Consumer and business loans have offered a high annual return for investors, historically the annual return has been around 6-9%. Additionally investing in loans offers you an access to a new asset class. The return on loans does not correlate significantly with the stock or bond markets indicating that loans are a good addition to managing your portfolio.
The return is interest on lent capital. The interest rate of a loan is determined in an auction between investors. Interest rates generally vary between 5-20% depending on a market and credit rating of a borrower. The level of interest rate offers competitive loans for borrowers and an attractive return opportunities for investors and thus creates value for both parties.
In certain peer-to-peer loans the credit risk is limited by selling non-performing loans to collection agencies. Further, a voluntary payment protection insurance is offered for Finnish consumers. In business loans, the credit risk is reduced by an entrepreneur's personal guarantee and also often a collateral such as real estate or enterprise mortgage.
Our marketplace combines those who want to save their spare money for those who need temporary funding. Both a borrower and a lender decide the terms on which they are willing to lend and borrow. You can invest in consumer loans of five countries as well as short-term and long-term business loans of three countries.

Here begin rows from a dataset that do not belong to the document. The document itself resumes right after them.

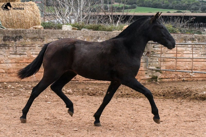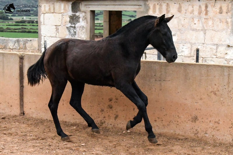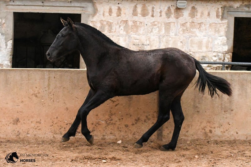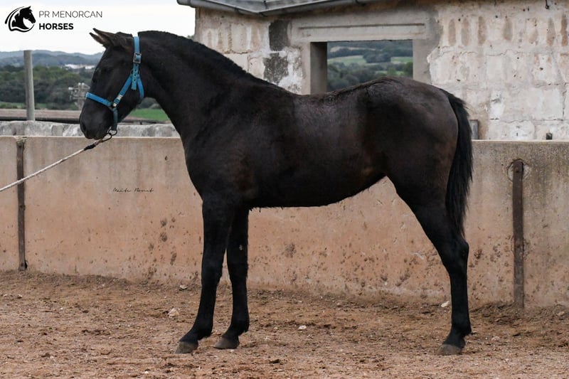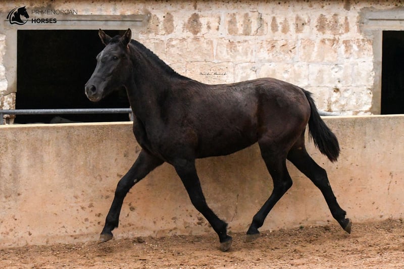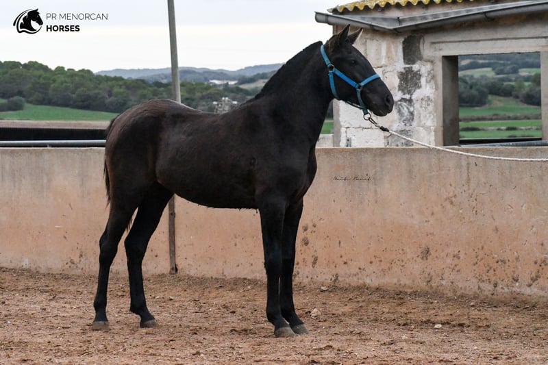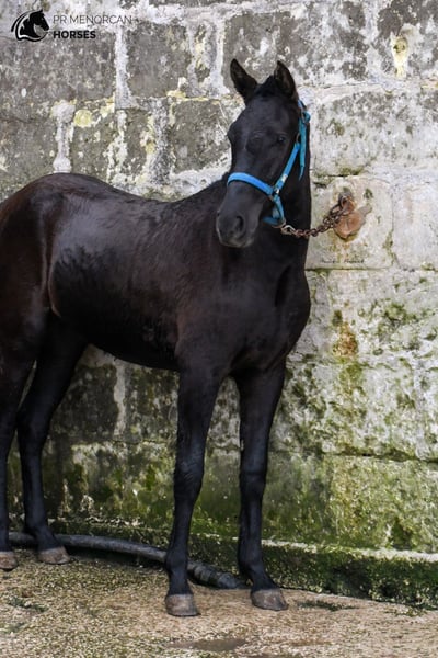 This beautiful Pura Raza Menorquina filly, born in May 2022, is looking for a new home. She is completely black, we estimate that she will be just under 160cm when she finishes growing. She is curious and playfull. She is used to people, she is always looking out for her older sister. The two live freely in the field along with other mares with their foals. Her father is descended from an ancient and well-known bloodline. She would be a good option as a leisure mare, but she also has potential for dressage, jumping, and as a trail horse and from 3 years old she could be assessed as a breeding mare. She is already prepared to travel, but if you prefer that she stay a few more months in Menorca, with other foals her age, that is also an option. Consult the different options with us. I can organize a veterinary examination, quarantine (if applicable) and transportation worldwide. Located in Menorca More information and videos by private message ;) Cheers!
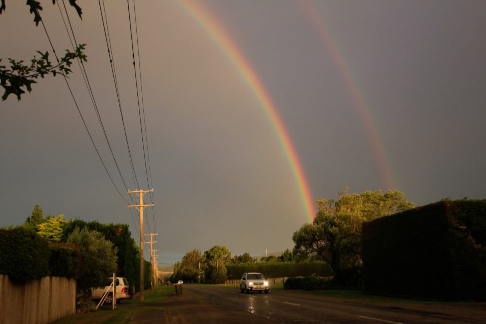 Strange light tonight so I went out to investigate ………….. and discovered a huge rainbow arching over our neighbourhood (extra photo), but I like the brightness in the photo I took out our back gate.
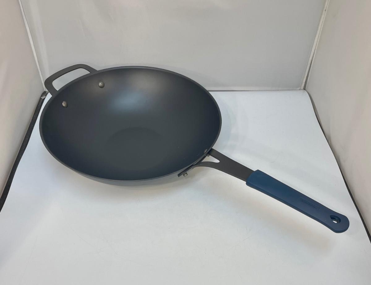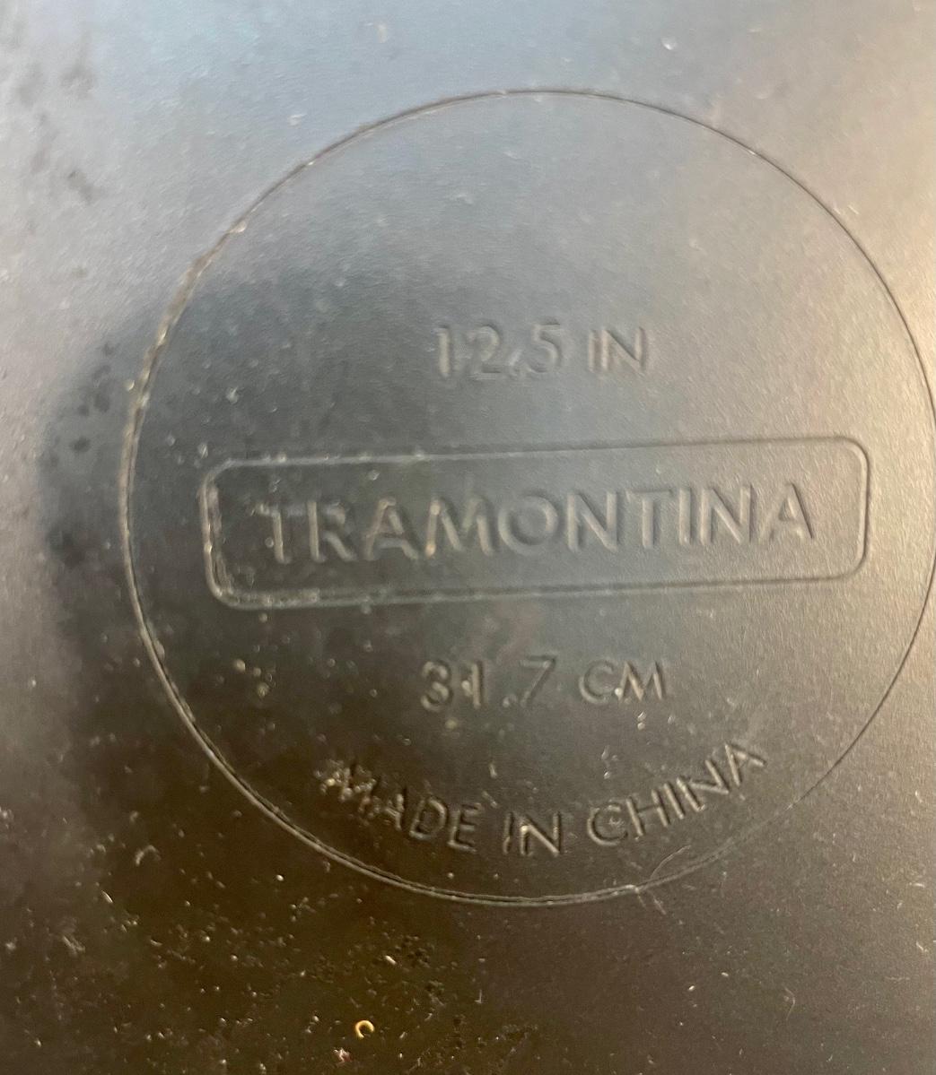 Tramontina 12.5” Long-Handled Wok Fry Pan. Made from carbon steel. Has a silicone rubber heat-resistant handle sleeve. Pre-seasoned, ready to use. Made in China.
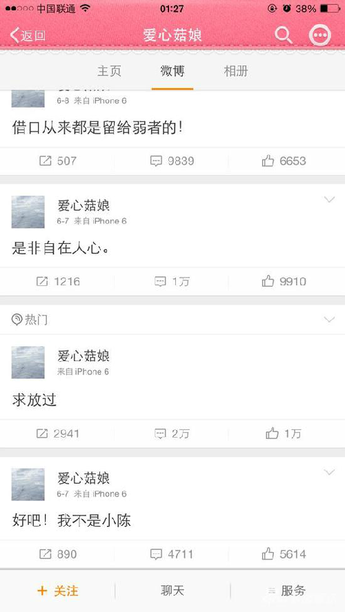 @爱心菇娘微博截图(图片来源:香港《南华早报》)
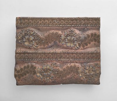 Techniques: | hammered with nails; relief carving |
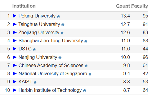 中国院校表现尤为亮眼,包揽该领域前七名。其中,北京大学今年超越清华大学,登顶全球榜首;浙江大学排名亦有所上升。新加坡国立大学与韩国科学技术院也是前十中除中国院校外仅有的两所海外院校,分列第8、9名。

Fellow Finance is the leading marketplace lending platform in Northern Europe. We have intermediated through our marketplace for over half billion euros of loans and the platform has been used by over 850 000 borrowers and over 16 000 investors. Did you know that more than 70% of peer-to-peer applications are rejected because of rigorous credit policy?
Read more on statisticsAre you considering a new alternative investment asset class to diversify your total investment portfolio or are you just starting your journey as an investor. Whether you are looking for a saving instrument or managing a bigger portfolio, Fellow Finance enables you to invest in an asset class earlier unavailable. We have made the investing in consumer loans and business loans easy. We have used over 15 years of our experience in credit risk management and loan investment to build the most advanced marketplace lending platform in Europe. Since our establishment in 2013, we have grown to become the leader in Northern Europe in our field. We are offering now an unique possibility for everybody to invest directly in loans free of charge with limited credit risk.
By investing in loans, you will have an access to an investment product that has previously been exclusively available for banks. According to the bank earning logic, a bank collects money from depositors at a low deposit rate to lend the same money to borrowers at a higher interest rate. Our platform removes the bank between a saver and a borrower and the saver himself chooses whom and on what terms he wants to lend his spare money. Thus, the saver gets the entire interest from his money without brokerage fees earlier taken by the bank. Why lend money at a low interest rate to a bank if you can now lend it directly at a higher interest rate and no costs?
Fellow Finance finds and identifies borrowers and assesses their loan applications. Approved application requires that a borrower does not have any earlier payment defaults and the borrower needs to have sufficient monthly disposable income to repay the loan. You choose whom you are willing to lend and on which terms. Our machine learning based credit scoring model has a proven track record that can be observed on our statistics page.
You can easily diversify investment portfolio in hundreds of loans to reduce credit risk significantly and making it possible to get steady returns with low volatility. You can diversify your loan portfolio geographically in peer to peer loans of five countries and business loans of three countries. Investing your total capital to at least 100 different loans decreases credit risk. A maximum 1% of the total capital should be invested in one loan within a single loan market. Investing in peer to peer and business loans enables you to diversify your overall investments in to a totally new asset class that does not correlate much with traditional asset classes such as stocks and bonds.